Found an “impossible” newborn star near a black hole

Scientists have found a young star near the supermassive black hole Sagittarius A*, which is located in the center of our Galaxy. The radiation existing in that place should prevent its formation, but it still somehow formed.

A newborn star near a black hole. Source:

“Impossible” newborn star

An international team of scientists has discovered a star in the very center of the Milky Way near the supermassive black hole Sagittarius A*, which is only a few tens of thousands of years old. It is younger than humanity and is still at the stage of formation.

This is a rather heavy “baby”. The mass of the star is 15 times greater than the solar one, and it exceeds our luminary by 10 times in size. At the same time, the theory suggests that this luminary simply cannot have formed in the place where we now see it.

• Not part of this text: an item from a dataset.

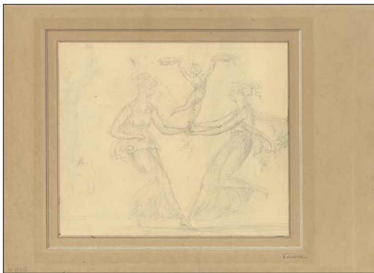
Antonio Canova, Danzatrici con amorino, foglio 38 verso.

Oggi, a distanza di quarant’anni da quell’evento, si evidenziano sostanziali problemi conservativi che impongono un adeguato intervento di restauro sull’intero complesso grafico. Le condizioni dei disegni variano molto da esemplare a esemplare. Si passa da semplici interventi manutentivi a delicate operazioni di ripristino per i fogli corrosi dall’inchiostro ferro-gallico. Inoltre nella maggior parte dei casi sarà necessario provvedere alla deacidificazione delle pagine di supporto su cui sono montati i disegni originali. Infine è prevista la sostituzione di tutti i vecchi passe-partout, ormai compromessi dal tempo.

The fact is that a lot of dynamic processes occur in the vicinity of a supermassive black hole, as a result of which ultraviolet and X-ray radiation are generated, interfering with star formation.

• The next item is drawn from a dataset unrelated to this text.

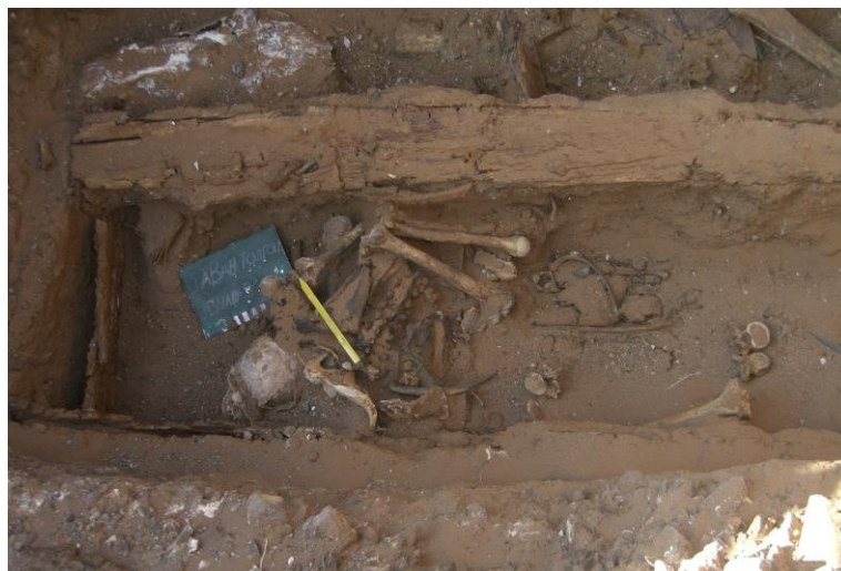
Зураг 7. Таван толгой 9-р булшны оршуулга (урдаас)

Therefore, it is believed that the vicinity of a supermassive black hole is a region of old stars. They orbit around it at high speeds and eventually approach Sagittarius A* close enough for its tidal forces to tear them to pieces.

How a star was born

And nevertheless, there are young stars near Sagittarius A*. The recently discovered newborn star is not the first, although it is the youngest of them. Until now, how these luminaries are formed remains a mystery to scientists. It is most likely that the place of their formation is a gas-dust disk located several light-years from a supermassive black hole.

Such gas-dust clouds are dense enough for their outer layers to trap all the high-energy rays coming from the black hole. Under such conditions, not only stars can form, but complex organic molecules can also be preserved.

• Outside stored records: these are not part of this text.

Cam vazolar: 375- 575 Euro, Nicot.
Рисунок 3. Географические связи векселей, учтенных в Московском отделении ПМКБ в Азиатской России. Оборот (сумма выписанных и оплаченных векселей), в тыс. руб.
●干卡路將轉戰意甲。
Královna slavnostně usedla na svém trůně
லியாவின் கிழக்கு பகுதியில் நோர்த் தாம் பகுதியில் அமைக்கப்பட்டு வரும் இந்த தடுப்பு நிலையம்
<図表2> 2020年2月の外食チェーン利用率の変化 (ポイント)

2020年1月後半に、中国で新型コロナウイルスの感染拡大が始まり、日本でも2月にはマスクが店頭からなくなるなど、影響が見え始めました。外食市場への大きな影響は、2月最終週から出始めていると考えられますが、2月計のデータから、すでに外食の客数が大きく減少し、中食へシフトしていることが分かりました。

According to the assumptions of scientists, parts of this disk, under the influence of their own weight, are compressed into separate clouds, each weighing hundreds of solar masses. Massive stars are born inside them, the solar wind from which quickly disperses gas and dust, and they begin to rapidly fall on the black hole.

This scenario is partially confirmed by the presence of several gas-dust clumps next to the newborn star. However, it remained unknown whether they were really born together with it. However, this assumption explains everything observed well.